Parfois dans la vie on en vient à croiser un élément, petit ou grand, sans importance.
Cette rencontre va parfois vous surprendre, vous émerveiller, et parfois même vous sublimer.

Ce qui nous sublime n'est pas forcément merveilleux, n'est pas parfait, sans défauts.
C'est simplement une authenticité pure, quelque chose de touchant, rassurant, doux.

Ceux qui sont sublimés sont perçus comme des fous, ils sont incompris, considérés comme naïfs.
Mais ils sont tellement heureux, tellement bien dans leur corps et leur tête.

Quiconque vivrait cette expérience profiterais à 200%, ou serait un simple idiot.
On n'évite pas le bonheur tout de même, lorsqu'il frappe à la porte on l'observe admiratif :)

Personne ne peux me juger, personne ne peut m'arrêter, je ne reculerais pas, la course est déjà lancée.
Je sais déjà tout ce que je suis prêt à sacrifier pour garder cet état existant.

Je sais que je suis déjà perdu, je sais que vous pensez que j'aurais mal au final.
Je sais surtout que je doit vivre à fond ce que la vie m'offre, pour ne pas regretter.

J'aime. La vie, les gens, les choses, elle.
A bientôt amour.

mardi 30 juin 2009

Missing

Je prends un peu plus de temps ce soir, histoire de faire un article un peu plus élaboré que les précédents qui étaient un peu en coup de vent. Un peu hein...

En général j'me fait ma thérapie tout seul ici, ou j'donne les nouvelles du jour, pour ceux que sa intéresserais et me donner l'impression que ma vie avance.

Bref ce soir je sais pas trop quoi raconter, j'ai pas spécialement envie de parler de moi, ni de ma journée, alors j'vais retourner à la bonne vieille méthode du dé et du dico.
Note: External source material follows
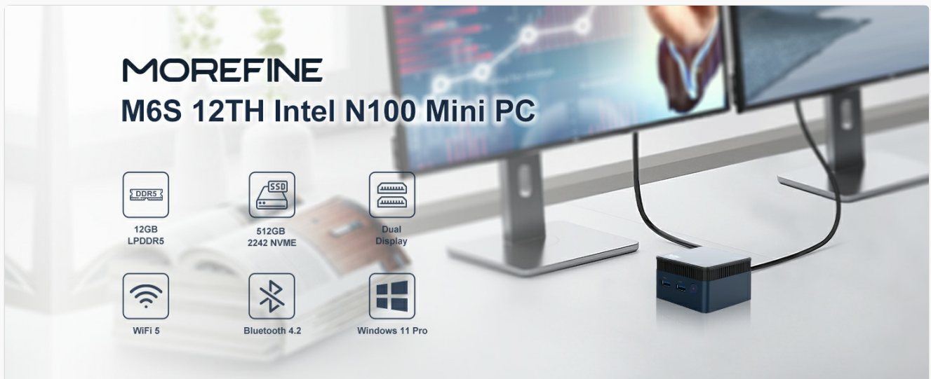
Image: Overview of the MOREFINE M6S Mini PC highlighting its compact design and core specifications.

This manual provides essential information for setting up, operating, and maintaining your MOREFINE M6S Mini PC. The MOREFINE M6S is a compact computing device designed for various applications, from everyday tasks to light productivity and entertainment. It features a 12th Gen Intel Alder Lake N100 processor, 12GB LPDDR5 RAM, and a 512GB NVMe SSD, running on Windows 11 Pro.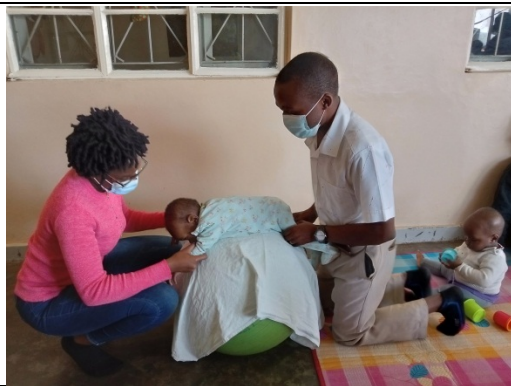
Working on Aggrey

22, V. Vêtement. Quel mot banal :) Mais il tombe plutôt bien. Actuellement je porte un baggy, un truc que j'avais pas mit depuis des années. Je porte très très très souvent des jeans (pour ne pas dire que sa). Faut dire qu'avec la chaleur sa fait du bien, on est libre et tranquilles, pas de prise de tête avec le jean qui tiens chaud au cul au bout de 10minutes. J'aime pas particulièrement prendre soin de ce que je me met sur le dos et je n'ai pas "choisit" ce pantalon en particulier. Mais il est vrai que j'ai envie de changer un peu de fringues, de mettre des trucs différents, peut être un peu roots...
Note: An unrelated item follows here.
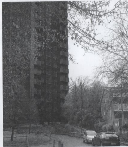
VIEW FROM BOTTOM OF ELIOT BANK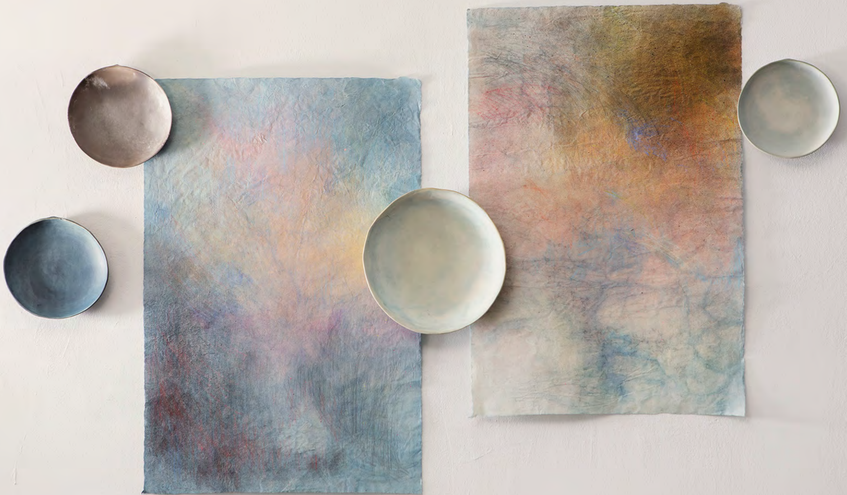
Eloïse Van der Heyden Calendrier 2020 - indigo-dyed or smoked ceramics - diam : 35 cm - 24 cm

Après faut avoir le temps, l'envie et l'argent pour aller faire des courses, ce qui est loin d'être mon cas (à commencer par l'envie...). Mais bon, peut être que je me bougerait d'ici peu histoire de me faire une nouvelle garde robe.

Au passage et pendant que j'y pense, si vous aimez ne serait-ce qu'un peu la BD vous devriez aller jeter un œil au blog de stivo "Trop d'la bulle !" qui se trouve dans mes liens à droite. Bonne balade :)

lundi 29 juin 2009

Ma Bulle

Après l'enchainement de posts plus catastrophiques les uns que les autres me voilà guérit... D'un coup... C'est étrange... Vraiment trop.

Une trop grande bouffée de bonheur d'un coup ? Probablement... Mais sa ne change pas le fait que je vais en profiter. Le bonheur sa ne se refuse pas.

Désolé à tous ceux que je délaisse en ce moment, je prends soin de moi et de l'autre cerveau déluré... Tout va bien, la vie est belle.